Carbonyl-Induced Reduction from Co(III) to Co(II) in CoxSy Enables Sulfate Radical-Dominated Peroxymonosulfate Activation

Abstract

Cobalt sulfide (CoxSy) shows promise for activating peroxymonosulfate (PMS) in advanced oxidation processes (AOPs), but its application faces key challenges, including low sulfate radical (SO4•–) generation, inefficient PMS decomposition, and limited mineralization efficiency for antibiotic removal. This study addresses these limitations by coordinating carbonyl groups (C=O) with cobalt to stabilize low-valence cobalt species and enhance electron transfer through defect engineering. A lignite-activated coke-supported cobalt sulfide (LAC@CoxSy-V) was synthesized, exhibiting a nearly complete conversion to low-valence cobalt (Co2+) and abundant sulfur vacancies. Compared to CoxSy/PMS system, the Kobs of sulfamethoxazole (SMX) degradation and the mineralization efficiency of SMX in the LAC@CoxSy-V/PMS system are 18-fold and 2-fold higher, respectively. Mechanistic studies revealed that CoxSy complexed on the LAC surface enables cobalt-carbonyl coordination, facilitating electron transfer from the electronegative C=O to Co3+, reducing it to Co2+. The introduction of sulfur vacancies further increases the proportion of low-valence cobalt, promoting PMS activation to generate SO4•–. These radicals act as the primary reactive oxygen species (ROS), while sulfur vacancies simultaneously promote singlet oxygen (1O2) generation, synergistically enhancing SMX degradation.
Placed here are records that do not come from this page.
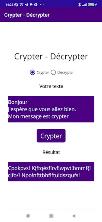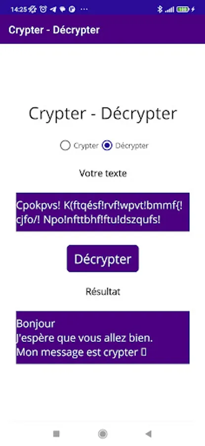 Le texte est automatiquement copié après le cryptage et le décryptage.
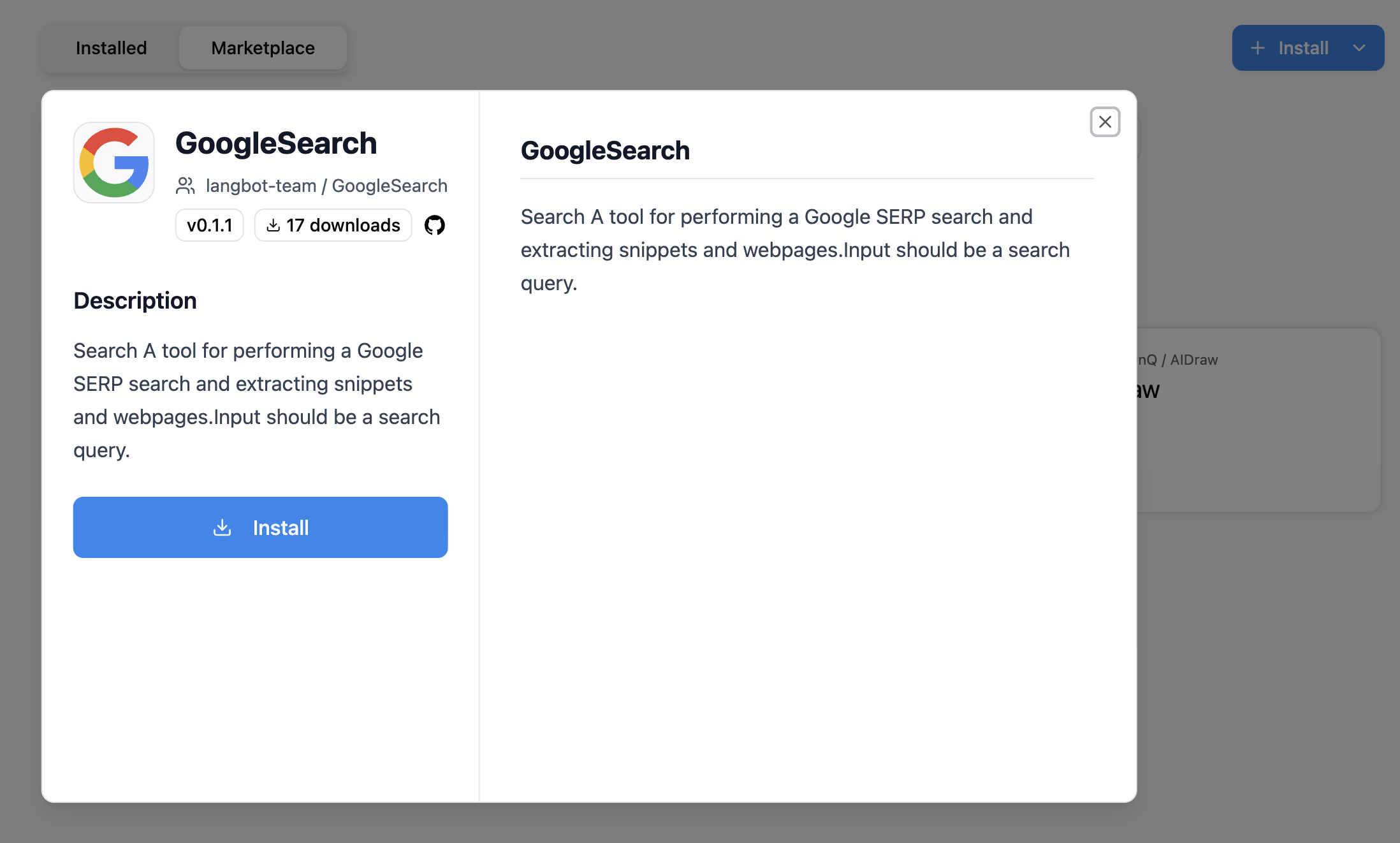 或点击插件市场 Tab,选择插件后点击安装。
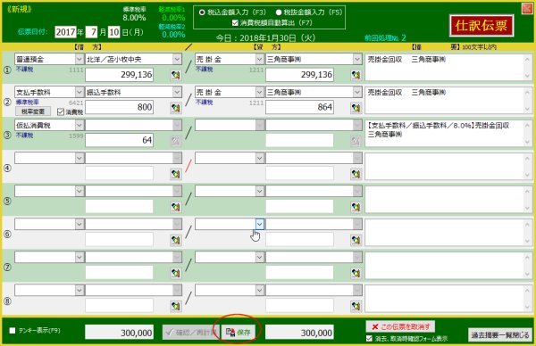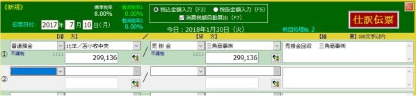 | 7月10日 | 三角商事鰍謔阡ш|金300,000円回収 振込手数料(北洋銀行苫小牧中央支店)864円(税込み)は当方負担 |
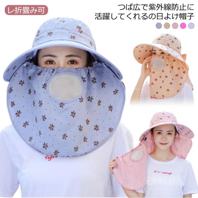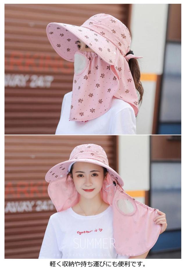 送料無料 フェイスカバー付 サンバイザー 帽子 ハット レディース UVカットハット つば広帽子 ガーデニング 紫外線対策用ハット ラッシュガード 旅行 庭仕事用 日焼け防止 日よけ帽子 取外し可 紫外線対策 ネックカバー レ折畳み可 アウトドア
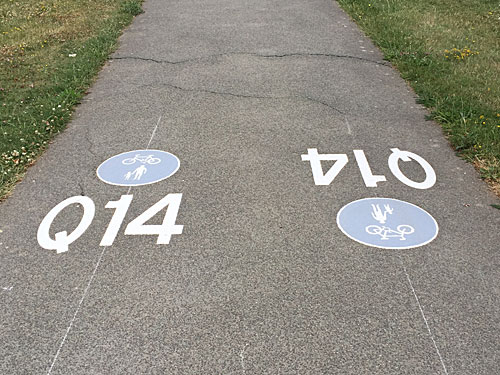 And all of this joins up to the existing Thames Path round the back of the Thames Barrier. Not along the actual waterfront, but pushed further back inland, and linking upstream of the barrier via a freshly-scrubbed curving track. You can still see the chalk lines where the stencil application team aligned their lettering. From here it's 180 miles to the source of the Thames, if the fancy takes you. But if all you want is a walk or ride along the industrial estuarine river, the journey just got a fraction shorter, and a whole lot more interesting.
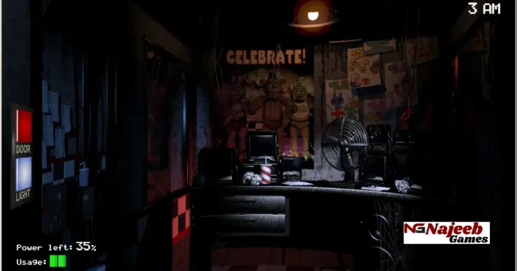The primary objective in Five Nights at Freddy's is to survive each night from midnight to 6 AM without being caught by the animatronics. Players are limited in their resources, such as power supply for lights and doors, which adds to the tension:
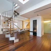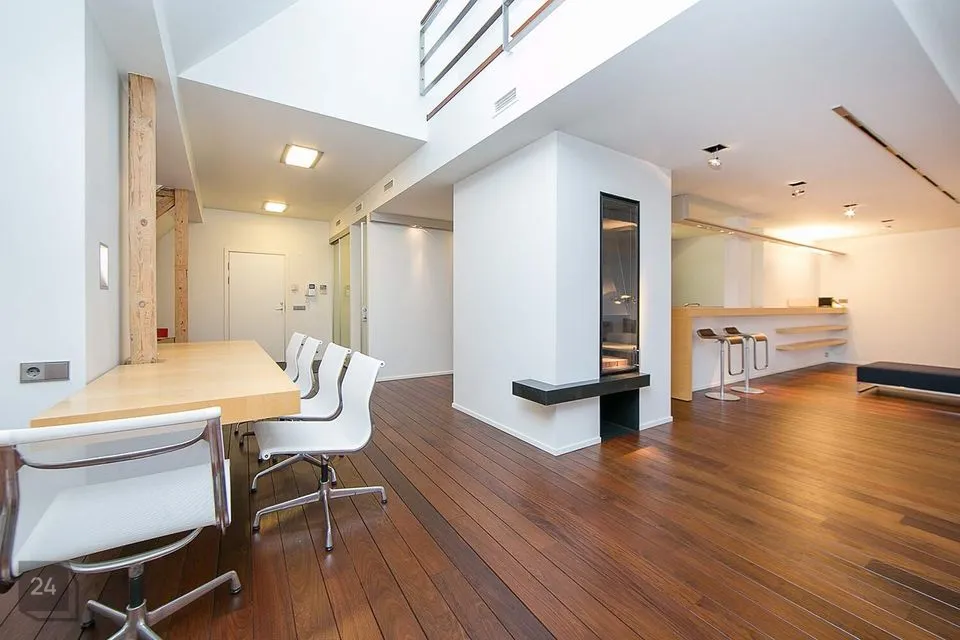 Korteri esimesel korrusel on väga avar ja kõrge laega avatud köök elutoaga, mille akendest avaneb kaunis vaade Tallinna Raekoja platsile. Elutoas paikneb päris puitküttega kamin.
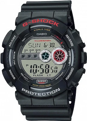 Электронные часы. • Элемент питания SR2025. Точность хода не хуже -/+15 сек./в месяц. . • Полностью автоматическая светодиодная подсветка повышенной яркости с автоматической активацией при и тусклом, неясном свете и выключением подсветки при достаточном освещении. • Отображение текущего времени в основных городах и регионах мира. • Секундомер с точностью показаний 1/100 сек и максимальным временем измерения - 24 час. • Таймер обратного осчета. • 5 ежедневных будильников. • Срок службы батареи 7 лет. • Автоматический календарь. • Функция выключения звука. • Особая ударопрочная конструкция защищает от ударов и вибрации. • Водозащита до 20 АТМ. • Минеральное стекло устойчивое к возникновению царапин. • Ремешок из полимерного материала. • Размеры корпуса 55 мм (по оси заводной головки) х 51,2 мм (по вертикали) х 17,4 мм (толщина) / 72 грамм.
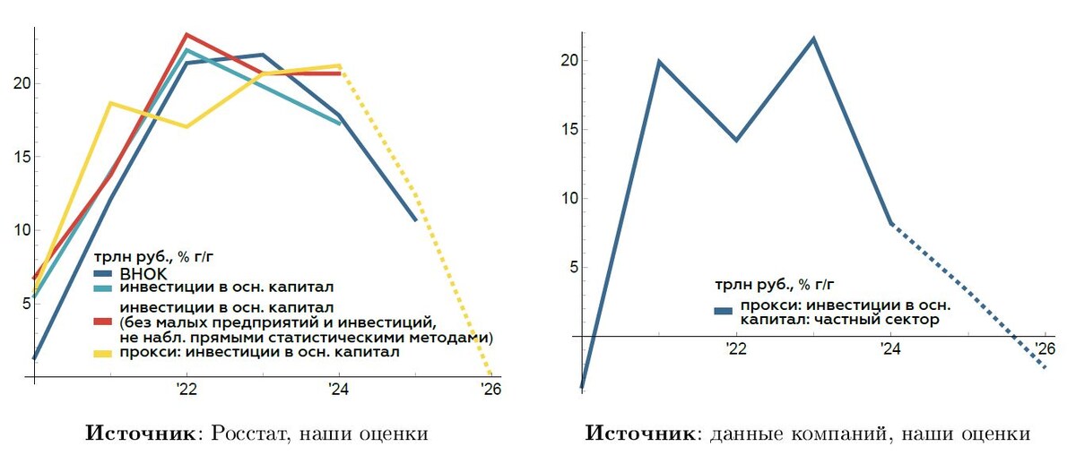 Телеграм-канал «Твердые цифры» сложил инвестпрограммы крупнейших компаний страны на 2026 год и пришел к грустным выводам: «Если собрать вместе инвестпрограммы 60+ крупнейших компаний как прокси на частные инвестиции и инвестиционные расходы бюджета, то в 2026 номинальные инвестиции могут быть неизменными год/к году => в реальном выражении ВНОК* может и вовсе сократиться. *ВНОК — валовое накопление основного капитала, один из показателей инвестиций». В 2025 году обвал инвестиций уже начался (в реальном выражении). ВНОК рос: ✔️в среднем за 2021-2024 — на 8,9%, ✔️в 2025 — 1,7% (ниже дефляторов). ✔️ В 2026 году ВНОК достиг потолка и расти не будет, что означает его падение в реальном выражении на 5% (если использовать ожидаемый в прогнозе Минэкономразвития дефлятор по строительству). Частные инвестиции падают даже номинально, общий показатель держится около нуля за счет бюджета. Мы уже писали почему крупнейшие компании вынуждены сокращать свои инвестпрограммы в 2026 на примере РЖД. В реаль
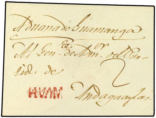 (1845 CA.) Sobre dirigido a ANDAGUAYLAS. Marca HUAM en rojo, manuscrito "Aduana de Guamanga". MUY RARA.
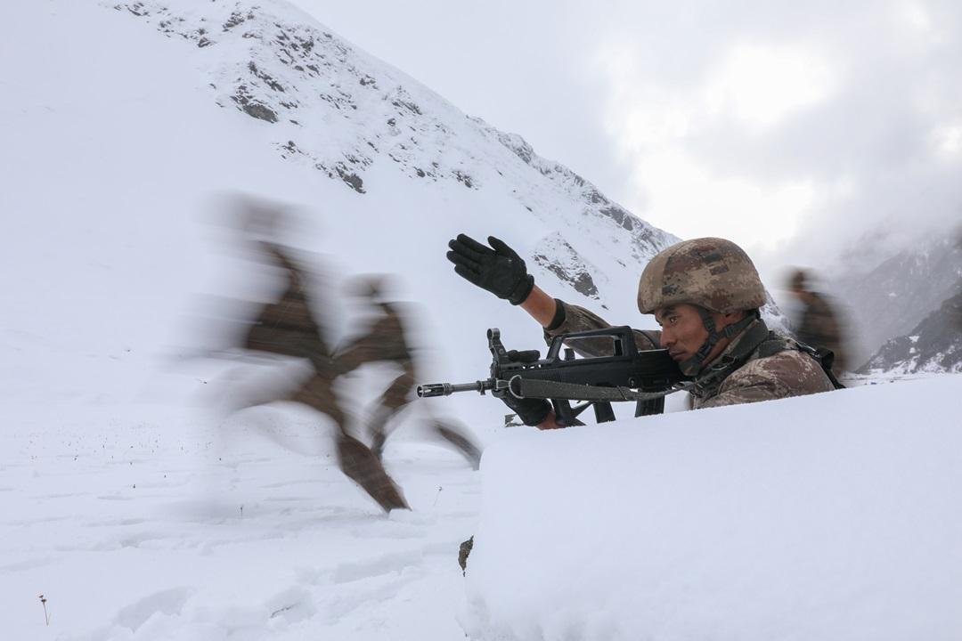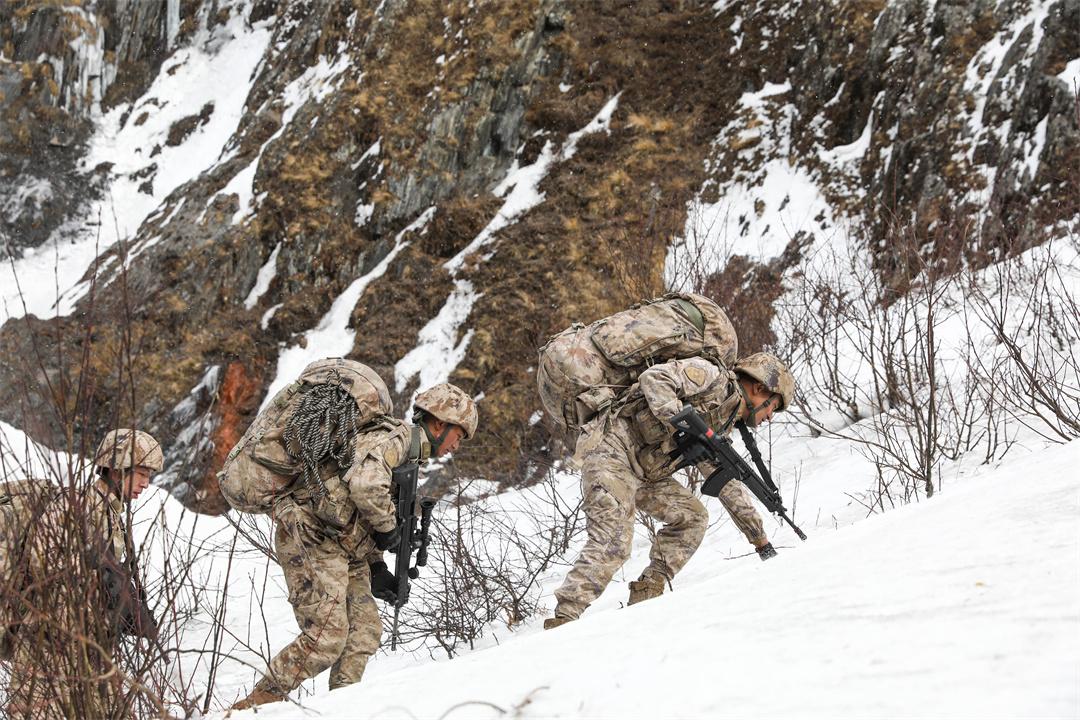 图为寒风凛冽中,次罗布(右一)与战友屈身前行攀爬险坡。
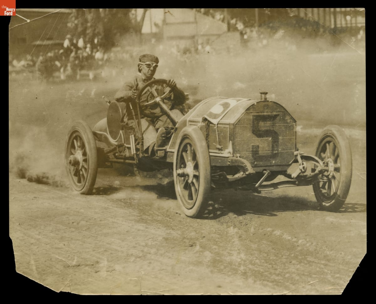 Louis Nikrent kicks up dust in his #5 Mercer during the Santa Monica Road Race in the 1913 Grand Prix season. He finished third behind fellow Americans Earl Cooper and Barney Oldfield. Santa Monica was the season's only race won by an American driver.
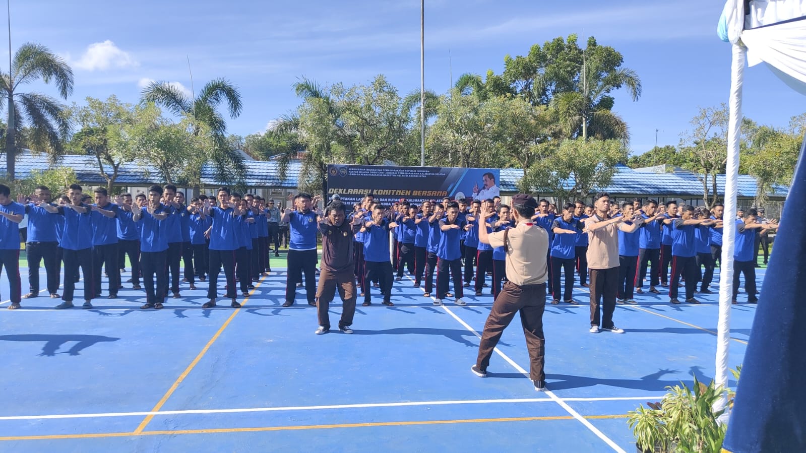 Sebagai bentuk partisipasi aktif dalam menyemarakkan semangat perubahan, Warga Binaan Pemasyarakatan (WBP) Lapas Narkotika Kelas IIA Karang Intan menampilkan yel-yel bertema Zero Narkoba dan HP yang membakar semangat para peserta Apel Deklarasi, Rabu (4/6/2025).

The applicability of this system was validated under various conditions, including matrix interference tests, cyclic stability assessment, and continuous-flow fixed-bed reactor experiments simulating medical wastewater treatment. This study provides valuable insight into defect and ligand engineering strategies for efficient antibiotic removal via PMS-AOPs.